*** Opening The data ***

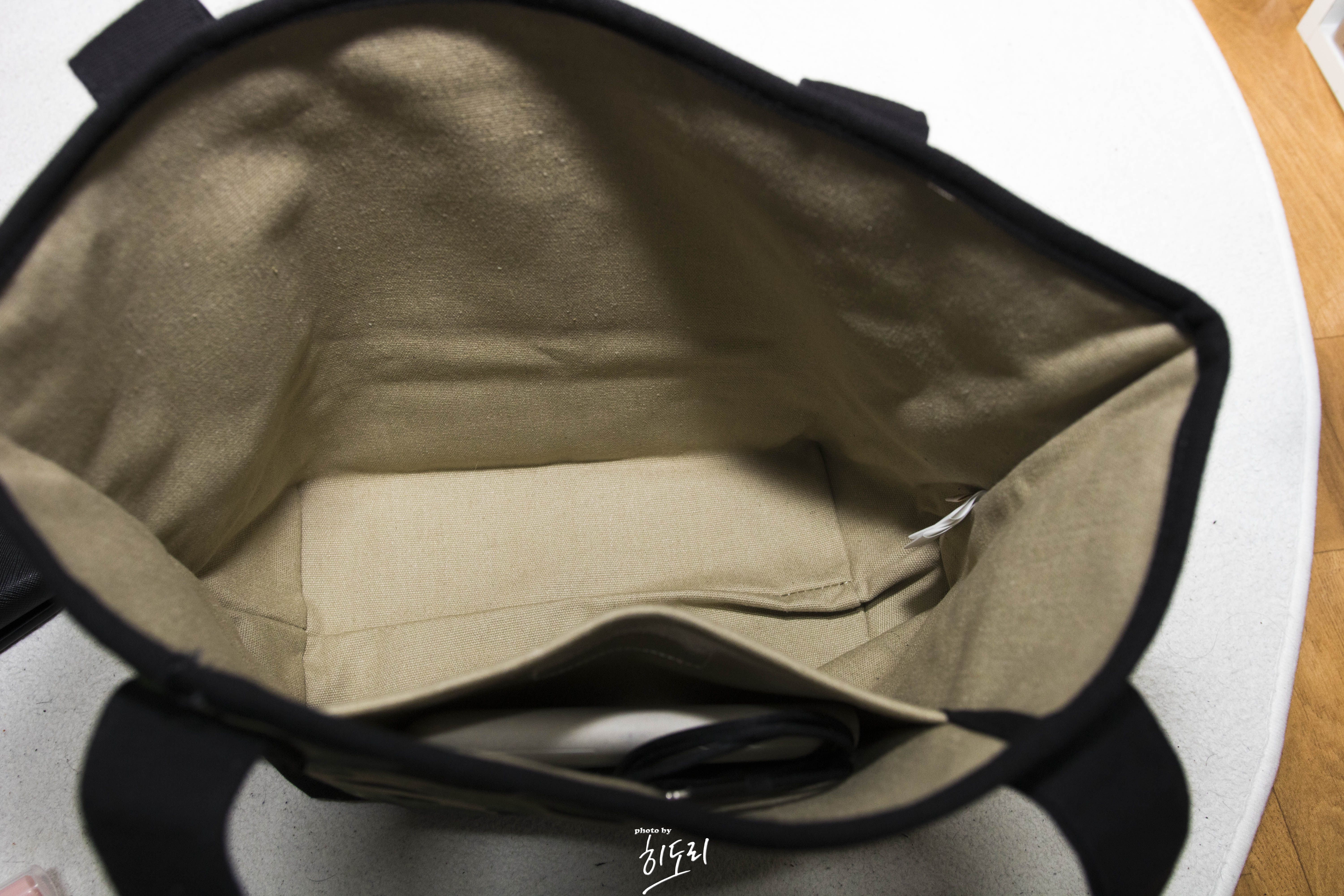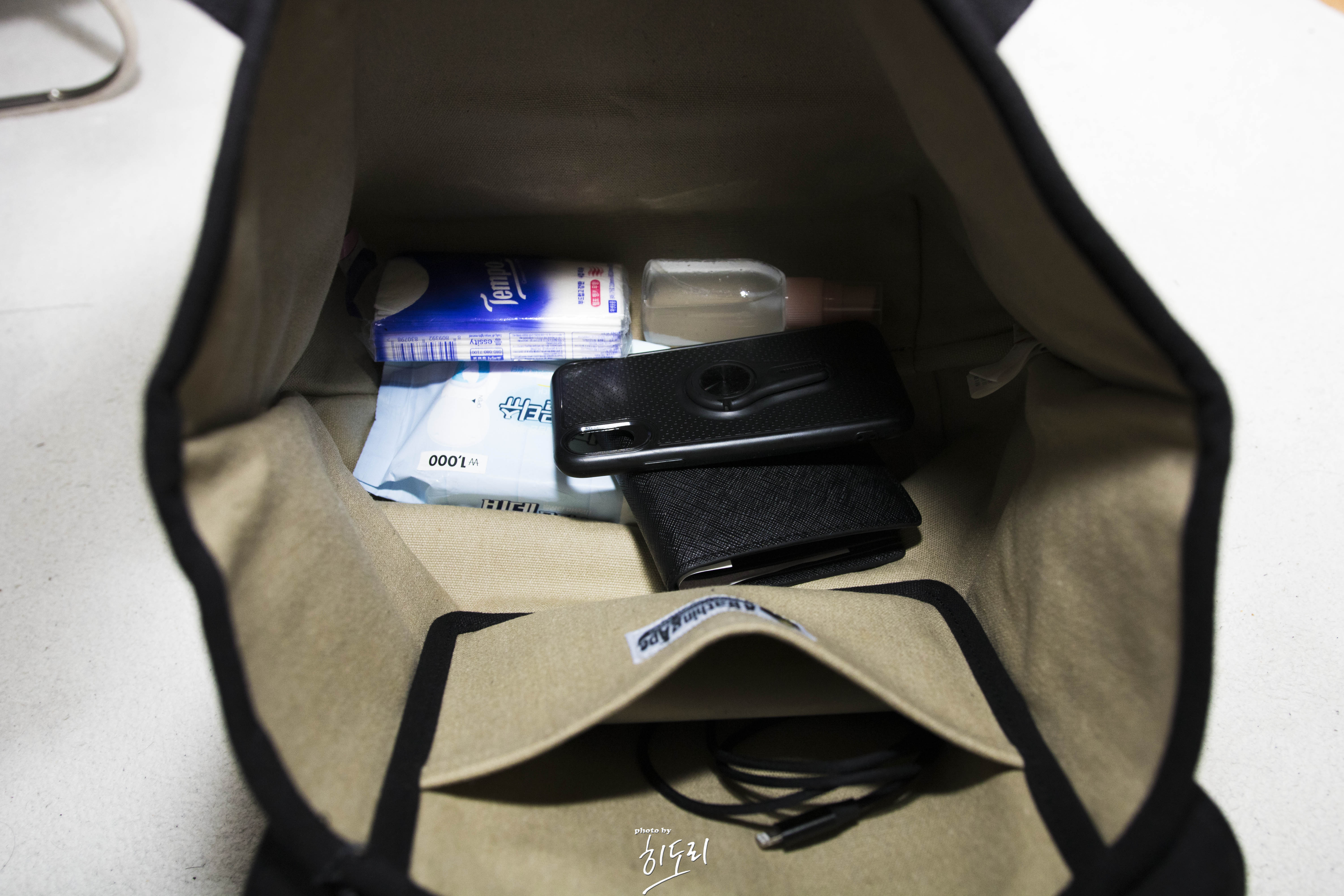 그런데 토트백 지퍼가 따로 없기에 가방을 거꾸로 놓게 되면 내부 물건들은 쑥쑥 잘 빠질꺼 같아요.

*** Closing The data ***
*** Opening The data ***

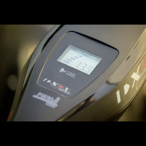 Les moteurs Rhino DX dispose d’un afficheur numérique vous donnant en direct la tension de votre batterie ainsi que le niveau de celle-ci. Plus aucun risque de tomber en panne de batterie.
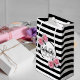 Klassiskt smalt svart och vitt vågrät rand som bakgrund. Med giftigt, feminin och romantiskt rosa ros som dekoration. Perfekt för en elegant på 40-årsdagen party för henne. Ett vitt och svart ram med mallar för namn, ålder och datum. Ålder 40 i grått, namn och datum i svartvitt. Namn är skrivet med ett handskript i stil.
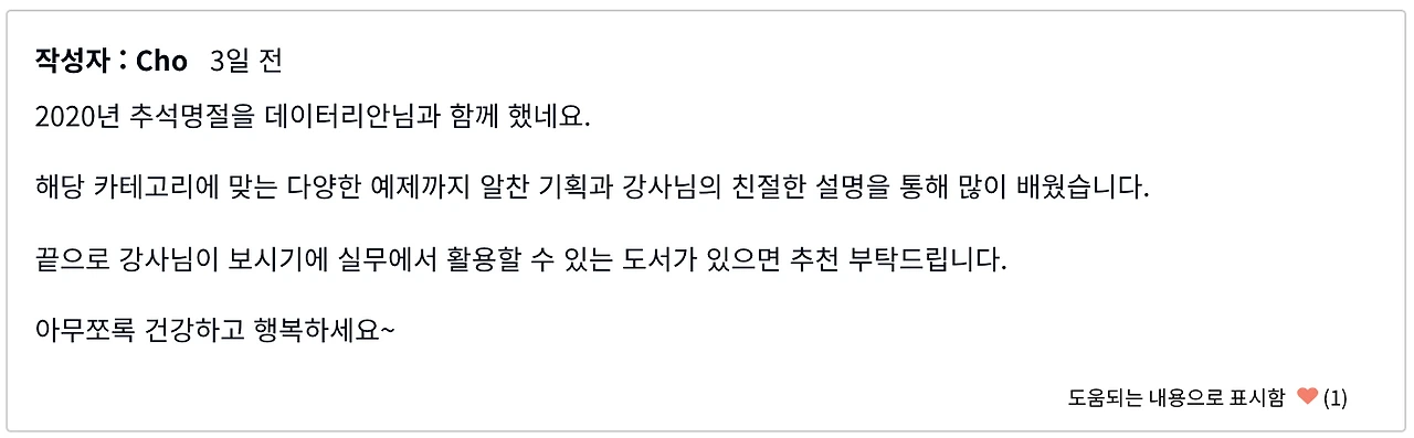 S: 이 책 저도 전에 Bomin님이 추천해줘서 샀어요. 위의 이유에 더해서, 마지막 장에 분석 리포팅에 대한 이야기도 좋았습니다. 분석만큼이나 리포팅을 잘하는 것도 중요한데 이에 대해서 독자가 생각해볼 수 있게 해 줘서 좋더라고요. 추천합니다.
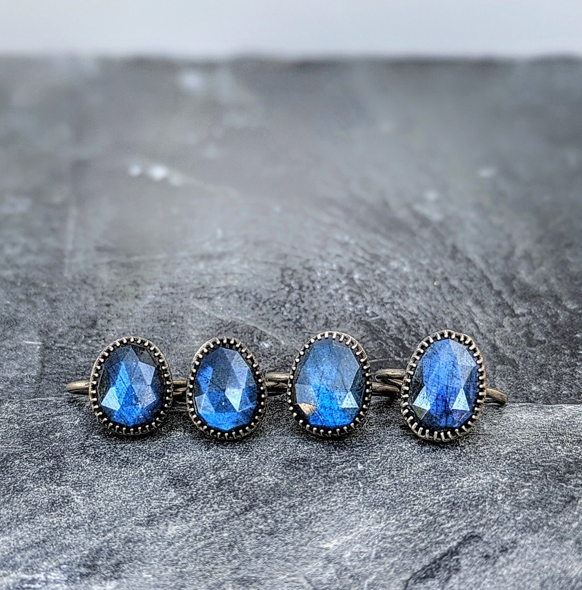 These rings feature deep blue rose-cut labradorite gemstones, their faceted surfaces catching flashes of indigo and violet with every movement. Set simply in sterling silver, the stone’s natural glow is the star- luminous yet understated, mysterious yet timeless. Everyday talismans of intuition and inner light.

*** Closing The data ***

▸ Required action
What you write out is the stretch of entries from the line containing "Klassiskt smalt svart" to the line containing "These rings feature", word for word, with both end lines and no pictures.

▸ The completed task
 Klassiskt smalt svart och vitt vågrät rand som bakgrund. Med giftigt, feminin och romantiskt rosa ros som dekoration. Perfekt för en elegant på 40-årsdagen party för henne. Ett vitt och svart ram med mallar för namn, ålder och datum. Ålder 40 i grått, namn och datum i svartvitt. Namn är skrivet med ett handskript i stil.
 S: 이 책 저도 전에 Bomin님이 추천해줘서 샀어요. 위의 이유에 더해서, 마지막 장에 분석 리포팅에 대한 이야기도 좋았습니다. 분석만큼이나 리포팅을 잘하는 것도 중요한데 이에 대해서 독자가 생각해볼 수 있게 해 줘서 좋더라고요. 추천합니다.
 These rings feature deep blue rose-cut labradorite gemstones, their faceted surfaces catching flashes of indigo and violet with every movement. Set simply in sterling silver, the stone’s natural glow is the star- luminous yet understated, mysterious yet timeless. Everyday talismans of intuition and inner light.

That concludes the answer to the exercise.